◆ **EXERCISE REQUIREMENTS**
Word for word, give the data again without its pictures.

◆ **EXERCISE DATA**
BEGIN

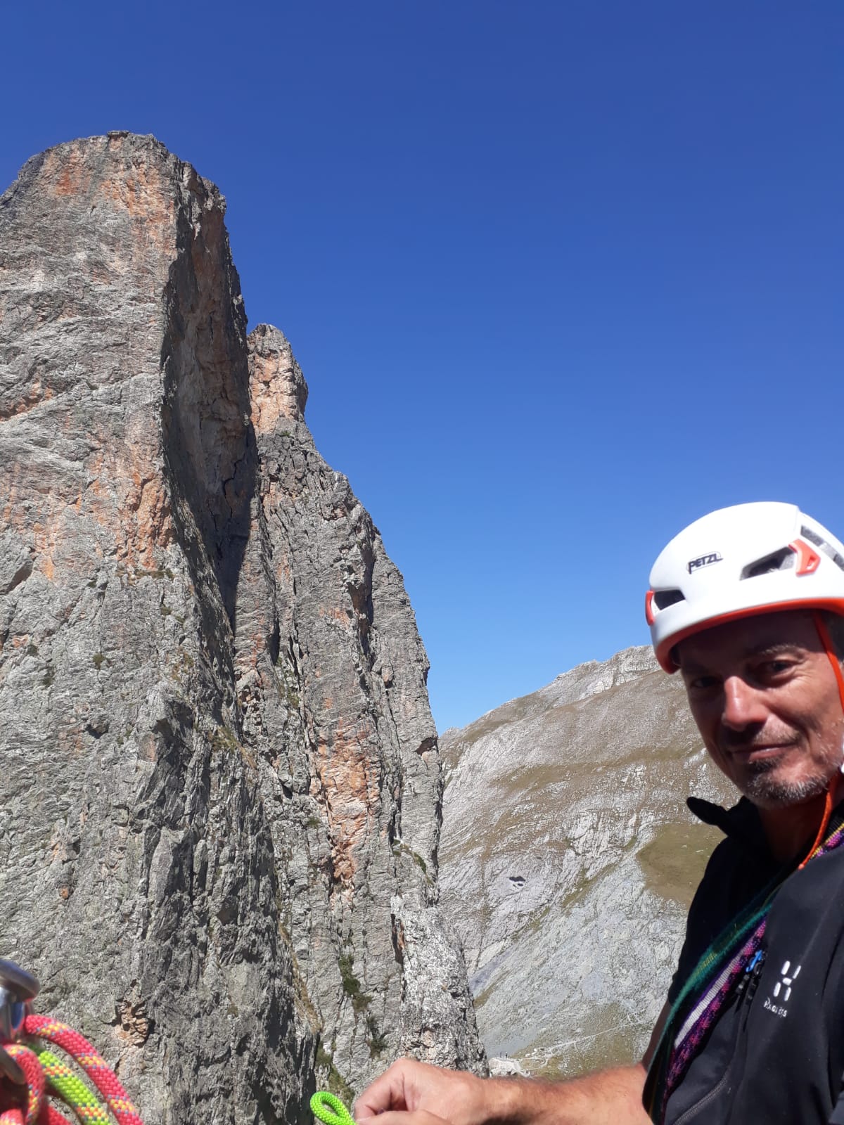 Bella via di fessura da non sottovalutare e non facile da seguire, direi che i gradi riportati nella relazione del libro di Massari sono un po’ stretti.
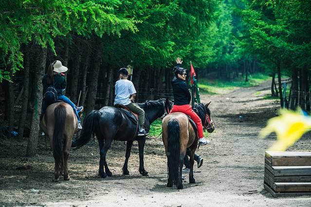 “让我们红尘作伴活得潇潇洒洒,策马奔腾共享人世繁华。”一直以来,在美丽的大草原上策马奔腾就成了我的的梦想之一。这次来到坝上草原七彩森林,又怎么能少得了骑马体验?由丛林部落选择一匹自己喜爱的马儿,穿越丛林,即便不能策马扬鞭,也能体验到一种特有的悠闲。
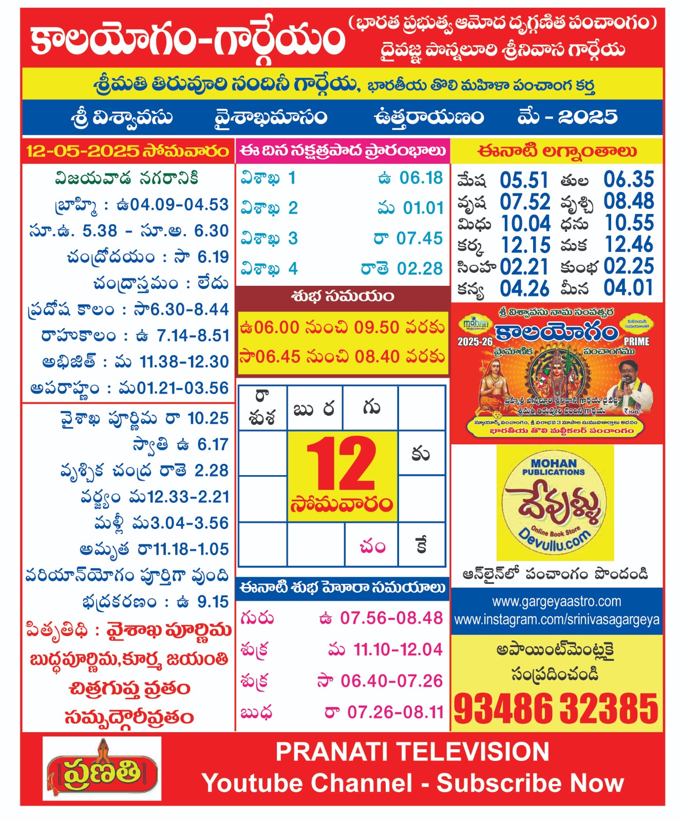 AstrologyLatestNitya Panchangam Panchangam on 12 MAY 2025 by gargeyaastro May 9, 2025 written by gargeyaastro May 9, 2025 185 0 comment 0 FacebookTwitterPinterestEmail gargeyaastro previous post Panchangam on 11 MAY 2025 next post Panchangam on 13 MAY 2025 You may also like Pooja timings for 18,20,21 october 2025 October 16, 2025 DIWALI which day in 2025 ? October 13, 2025 Panchangam from 11-15 0ct 2025 October 13, 2025 panchangam from 6-10 2025 October 3, 2025 2 october 2025 Dasara timings for all states September 30, 2025 For Appointments please contact 8341032385 September 30, 2025 Panchangam from 1-5 october 2025 September 30, 2025 For Appointments please contact 8341032385 September 23, 2025 For Appointments please contact 8341032385 September 23, 2025 2025-2033 these 8 years changes in the world September 23, 2025 Leave a Comment Cancel Reply Save my name, email, and website in this browser for the next time I comment.

END

◆ **RESPONSE AREA**
 Bella via di fessura da non sottovalutare e non facile da seguire, direi che i gradi riportati nella relazione del libro di Massari sono un po’ stretti.
 “让我们红尘作伴活得潇潇洒洒,策马奔腾共享人世繁华。”一直以来,在美丽的大草原上策马奔腾就成了我的的梦想之一。这次来到坝上草原七彩森林,又怎么能少得了骑马体验?由丛林部落选择一匹自己喜爱的马儿,穿越丛林,即便不能策马扬鞭,也能体验到一种特有的悠闲。
 AstrologyLatestNitya Panchangam Panchangam on 12 MAY 2025 by gargeyaastro May 9, 2025 written by gargeyaastro May 9, 2025 185 0 comment 0 FacebookTwitterPinterestEmail gargeyaastro previous post Panchangam on 11 MAY 2025 next post Panchangam on 13 MAY 2025 You may also like Pooja timings for 18,20,21 october 2025 October 16, 2025 DIWALI which day in 2025 ? October 13, 2025 Panchangam from 11-15 0ct 2025 October 13, 2025 panchangam from 6-10 2025 October 3, 2025 2 october 2025 Dasara timings for all states September 30, 2025 For Appointments please contact 8341032385 September 30, 2025 Panchangam from 1-5 october 2025 September 30, 2025 For Appointments please contact 8341032385 September 23, 2025 For Appointments please contact 8341032385 September 23, 2025 2025-2033 these 8 years changes in the world September 23, 2025 Leave a Comment Cancel Reply Save my name, email, and website in this browser for the next time I comment.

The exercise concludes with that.